Question

Two inductors of \(80 \text{ mH}\) each are joined in parallel. If the current is \(2.1 \text{ A}\), the energy stored in the combination is

• A. \(4.84 \times 10^{-2} \text{ J}\)
• B. \(7.26 \times 10^{-2} \text{ J}\)
• C. \(8.82 \times 10^{-2} \text{ J}\)
• D. \(10.85 \times 10^{-2} \text{ J}\)

Hint:

Inductors in parallel combine like resistors in parallel.

Answer 1

The Correct Option is C

Step 1: Understanding the Question:
Two identical inductors are in parallel.

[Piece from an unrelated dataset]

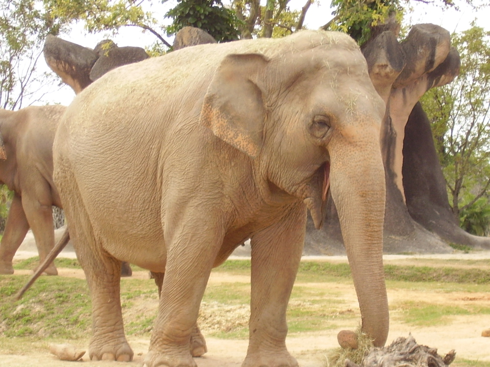 A female Asian elephant eating, taken in Miami Metrozoo

We need to find the total energy stored for a given total current.
Step 2: Key Formula or Approach:
1) Equivalent inductance for parallel inductors: \(\frac{1}{L_p} = \frac{1}{L_1} + \frac{1}{L_2}\).
2) Energy stored in an inductor: \(U = \frac{1}{2} L I^2\).
Step 3: Detailed Explanation:
Given: \(L_1 = L_2 = 80 \text{ mH} = 80 \times 10^{-3} \text{ H}\).
Current \(I = 2.1 \text{ A}\).
Equivalent inductance \(L_p\):
\[ L_p = \frac{L_1 \cdot L_2}{L_1 + L_2} = \frac{80 \times 80}{80 + 80} = \frac{6400}{160} = 40 \text{ mH} \]
\[ L_p = 40 \times 10^{-3} \text{ H} \]
Total energy stored \(U\):
\[ U = \frac{1}{2} L_p I^2 = \frac{1}{2} (40 \times 10^{-3}) \times (2.1)^2 \]
\[ U = 20 \times 10^{-3} \times 4.41 \]
\[ U = 88.2 \times 10^{-3} \text{ J} \]
\[ U = 8.82 \times 10^{-2} \text{ J} \]
Step 4: Final Answer:
The energy stored is \(8.82 \times 10^{-2} \text{ J}\).